Quantum Chemical Studies on the Structural, Electronic, and Vibrational Properties of Boron Carbonitride Nanotubes
Raúl Mendoza-Báez, Dolores Garcia-Toral, María Teresa Romero de la Cruz, Aracely del Carmen Martínez Olguín, Víctor M. Vázquez-Báez, Gregorio Hernández Cocoletzi, Juan Francisco Rivas-Silva

TL;DR
This paper studies the properties of boron carbonitride nanotubes using quantum chemistry to explore their structure, electronic behavior, and potential applications.
Contribution
The study reveals how nanotube length affects electronic and solubility properties, enabling fine-tuning for nanoscale applications.
Findings
Longer BC2N nanotubes exhibit increased electrophilic character and improved solubility in water.
Semiconductor-to-semimetallic transitions occur with increasing nanotube length, affecting conductivity.
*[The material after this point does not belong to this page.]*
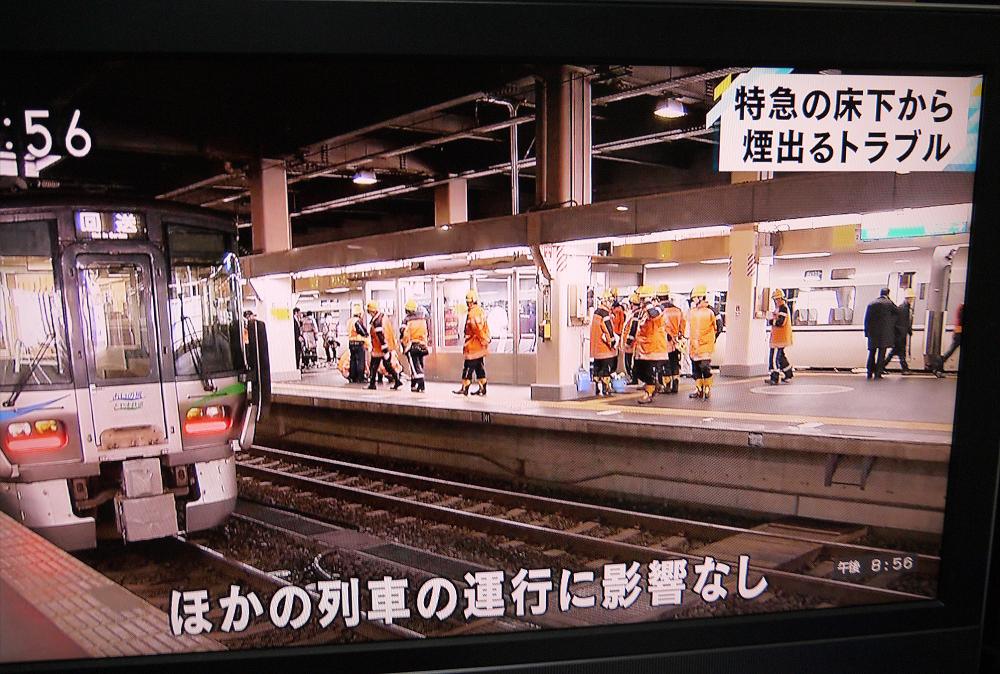 8時30分頃特急列車が7番ホームへ入線してきてから、車体の床下から煙が出ました。この時、私は階下のコンビ二へカップコーヒーを買いに行っていまして、詳細は知らなかったのです。カミさんと孫息子はホームのガラス張り待合室に居ました。特急列車が入って来た後に煙が出だし、ゴムの燃えるような匂いがしたので避難して来たと言っていました。
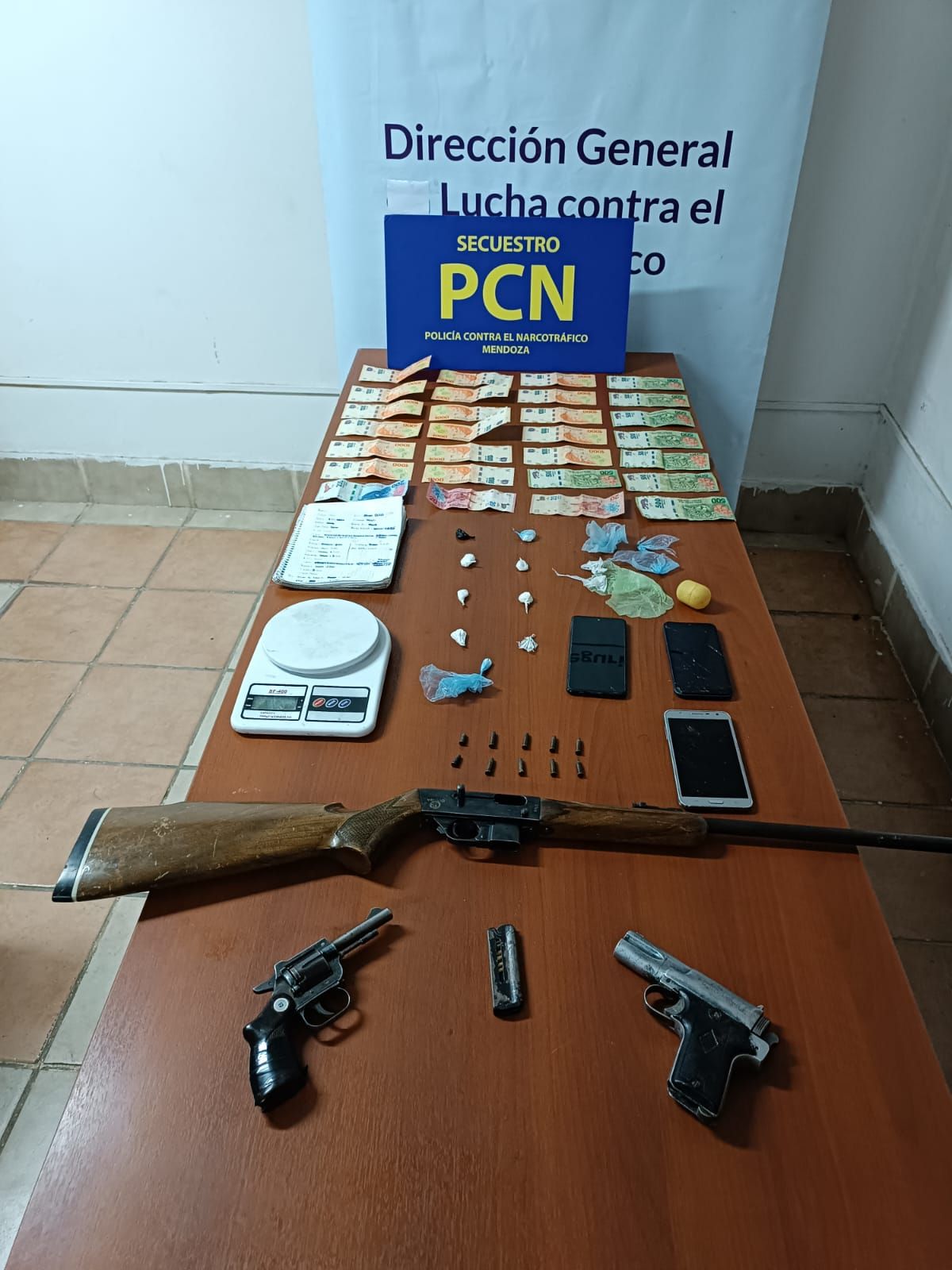 El primer procedimiento se realizó en una vivienda ubicada en Montecaseros y Chivilcoy, de San Martín, en el cual una pareja quedó detenida y se logró el secuestro de 7 envoltorios con cocaína (5,1 gramos), semillas de cannabis (3,2 gramos), tres celulares, $21.240, una balanza digital, recortes de nylon, un cuaderno de anotaciones de interés, una carabina Marca Venado calibre 22, una pistola Marca G.M.C. calibre 22 y un revólver marca TALA calibre 22 largo.

Molecular electrostatic potential maps indicate regioselective reactivity potential for BC2N nanotubes.
Abstract
The structural, vibrational, and electronic properties of zigzag (n, 0) BC2N nanotubes are investigated in their most stable configuration, type IV. Studies are based on density functional theory (DFT) using the M06-2X/6-31G(d) level of theory. The property–structure relationship is investigated by focusing on the chirality index (n). Furthermore, to analyze the length dependence of the stability/reactivity of BC2N nanotubes, short (n = 5–14, s-BC2NNTs) and long (n = 5–13, l-BC2NNTs) nanotubes were proposed, with average lengths of 18.07 and 26.74 Å, respectively. Total energy minimization, assuming nonmagnetic nature and charge neutrality, yielded the ground state of all nanostructures. Results show that the electrophilicity and nucleophilicity indices exhibit that the BC2NNTs are electrophilic systems; however, an increase in the length of the nanotube triples its electrophilic…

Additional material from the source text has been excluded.